What is expected
For this exercise, the lines from the one with "boisko dolne - porządki" through the final line of the data below are to be transcribed exactly, and pictures are to be skipped.

== Given data ==

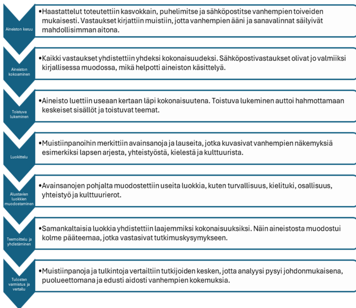
Taulukko 1. Aineiston analyysin eteneminen vaiheittain.
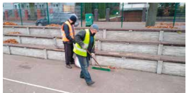
boisko dolne - porządki
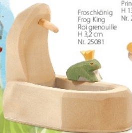
Froschkönig Frog King Roi grenouille H 3,2 cm Nr. 25081
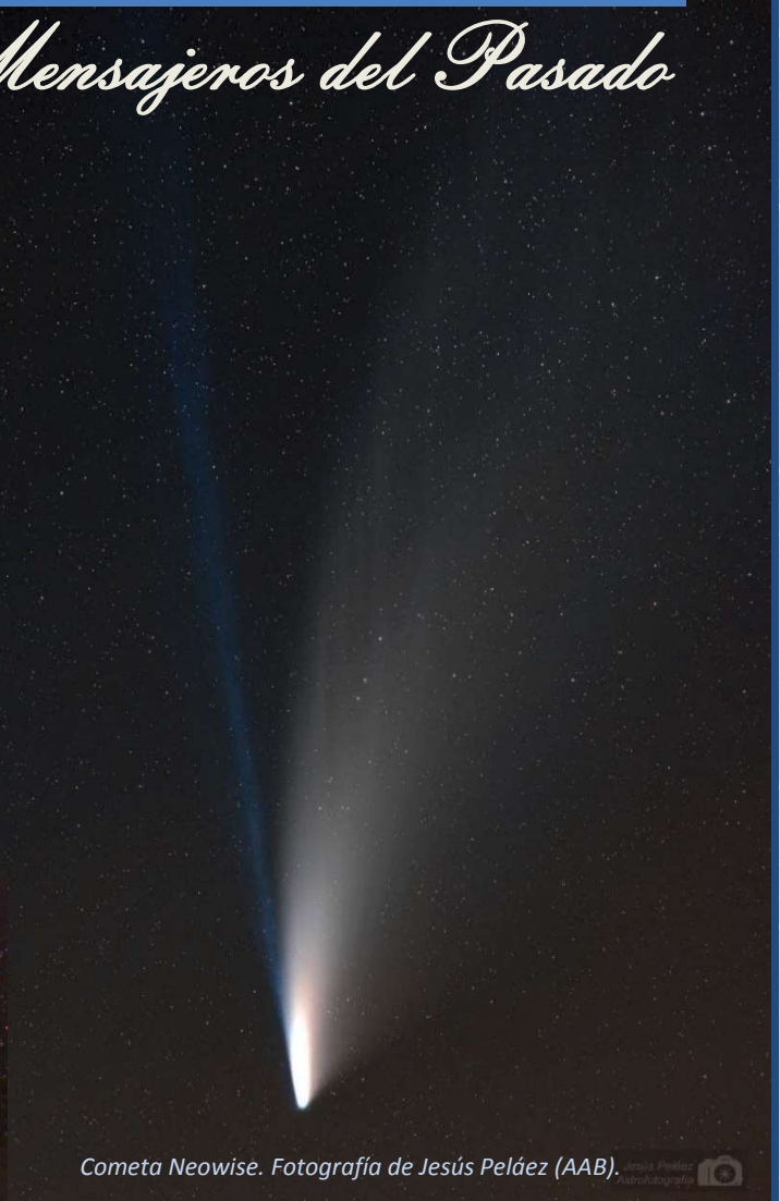
Cometa Neowise.

Otro cometa que nos dejó atónitos fue el cometa Hale-Bopp, un auténtico espectáculo que superó todas las expectativas, ya que fue visible durante 18 meses. Se le apodó como el Gran Cometa de 1997. Lamentablemente, si no fuisteis testigos de este cometa en su último acercamiento al Sol, ya no lo vais a poder observar, pues no vuelve a pasar hasta dentro de más de 2000 años.
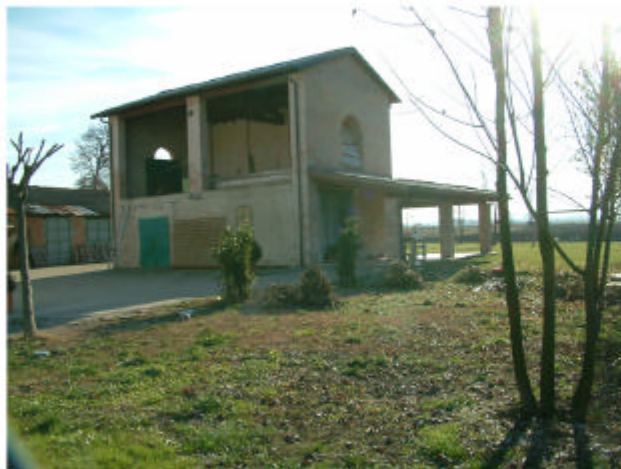
4. Edificio 2. Fronti nord e ovest

===

Answer box
boisko dolne - porządki
Froschkönig Frog King Roi grenouille H 3,2 cm Nr. 25081
Cometa Neowise.

Otro cometa que nos dejó atónitos fue el cometa Hale-Bopp, un auténtico espectáculo que superó todas las expectativas, ya que fue visible durante 18 meses. Se le apodó como el Gran Cometa de 1997. Lamentablemente, si no fuisteis testigos de este cometa en su último acercamiento al Sol, ya no lo vais a poder observar, pues no vuelve a pasar hasta dentro de más de 2000 años.
4. Edificio 2. Fronti nord e ovest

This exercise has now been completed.